Items are tracked by their string form, so if the scalars are perl references, take note that the whole favorites counter will not persist well. A future version may use Tie::RefHash
to allow for persistable tracking of object data.
Each key in the favorites counter is marked with a timestamp via the time()
function, or the stamper sub reference given during creation of the favorites counter object. In the case of an application-supplied stamper function, it will receive two arguments: this favorites counter itself, and the given scalar being tallied.
fresh()
$stamp = $faves->fresh( $scalar );
Return the current freshness stamp for the given $scalar
. Returns undef
if the $scalar
has never been tallied.
Each key in the favorites counter is marked with a timestamp via the time()
function, or the stamper sub reference given during creation of the favorites counter object. In the case of an application-supplied stamper callback, it will receive two arguments: this favorites counter itself, and the given scalar being tallied.
decay()
$count = $faves->decay( );
$count = $faves->decay( $times );
$times = $faves->decay( $scalar );
$times = $faves->decay( $scalar, $times );
In the first pair of forms, all present keys have their tally counts reduced by one, or by the given number of times. In these forms, the returned value is the remaining count of tracked favorite keys.

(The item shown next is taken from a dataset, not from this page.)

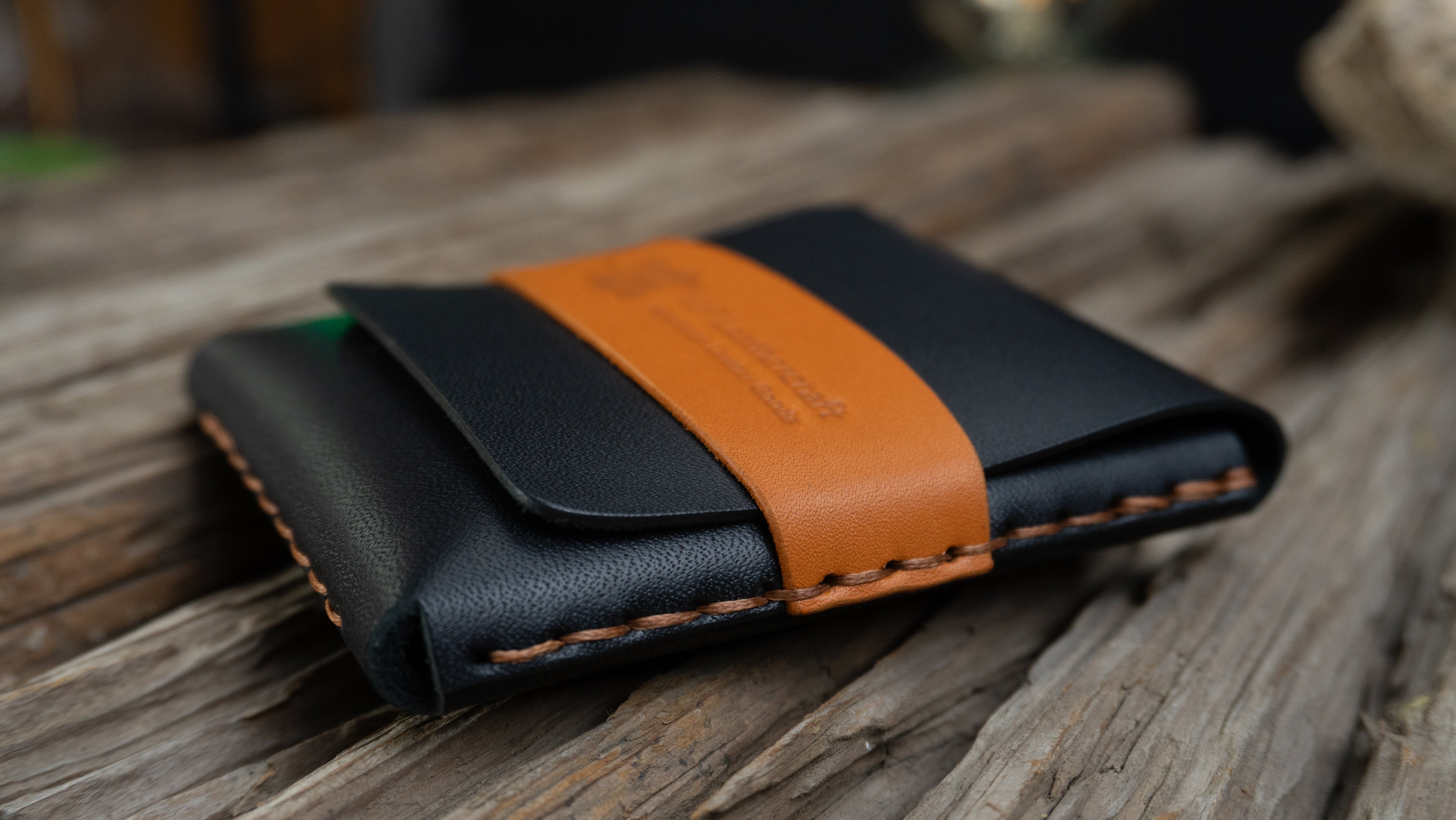 No. 101 All in one Card wallet natural vegtan leather & black combination

In the latter pair of forms, an individual key $scalar
has its tally reduced by one, or by the given number of times. These forms return the remaining tally count for the given $scalar
key.
The favorites counter will automatically remove any key in which the tally count drops to zero or below.
clamp()
$count = $faves->clamp( $stamp );
Clamps the set of favorites to only the freshest tallied elements. This method automatically removes any key in which the most recent tally is more stale than the given timestamp value. Timestamps are assumed to be numerical; lesser values represent stamps which are more stale, while higher values are considered more fresh.
favorites()
@topfaves = $faves->favorites( );
@topfaves = $faves->favorites( $limit );
$count = scalar $faves->favorites( );
Returns the keys sorted by the strength of their tally counts. Those which have equal tally counts are compared by their most recent tally time; the most freshly stamped is favored. If a limit is given, the list returned will not exceed the given length.

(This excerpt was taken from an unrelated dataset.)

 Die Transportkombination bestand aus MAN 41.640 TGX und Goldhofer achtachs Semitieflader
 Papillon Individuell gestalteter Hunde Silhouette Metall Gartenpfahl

In a scalar context, returns the current count of the tallied keys in the favorites counter. If no limit argument is given, then no internal sorting work needs to be performed to return the count.
DESCRIPTION
After creating a Data::Favorites object, the caller should tally the identifying characteristics of an ongoing historical data stream. This could be error codes or connecting hostnames in a network log, usernames in a chat conversation, or any other key-worthy feature of an ongoing stream of events. At any time, the most predominantly occurring keys can be determined and ranked.
With Data::Favorites, a process can discover in real-time which objects have been selected by a user the most often, or which objects have been most responsible for event traffic. The map can be culled occasionally, keeping only the most fresh objects, or only the highest counted objects. The data can be naturally decayed, leaving only the objects with overall strongest dispositions.
For some examples, this structure can track the top ten favorite visited websites, or chat partners, or document files, or network connections. These can be inferred by looking at those entities with the strongest dispositions, according to the way they are tallied over time. As a historically favorite entity is triggered more or less often, its ranking would raise or drop in the list, making room or pushing out other entities.
A Data::Favorites object can employ an application-defined stamp function (a coderef) to mark the tallying process. If no function is given, then timestamps are applied with the usual time()
built-in function.
AUTHOR
Ed Halley, <ed@halley.cc>
COPYRIGHT AND LICENSE
Copyright 2001-2003 by Ed Halley
This library is free software; you can redistribute it and/or modify it under the same terms as Perl itself.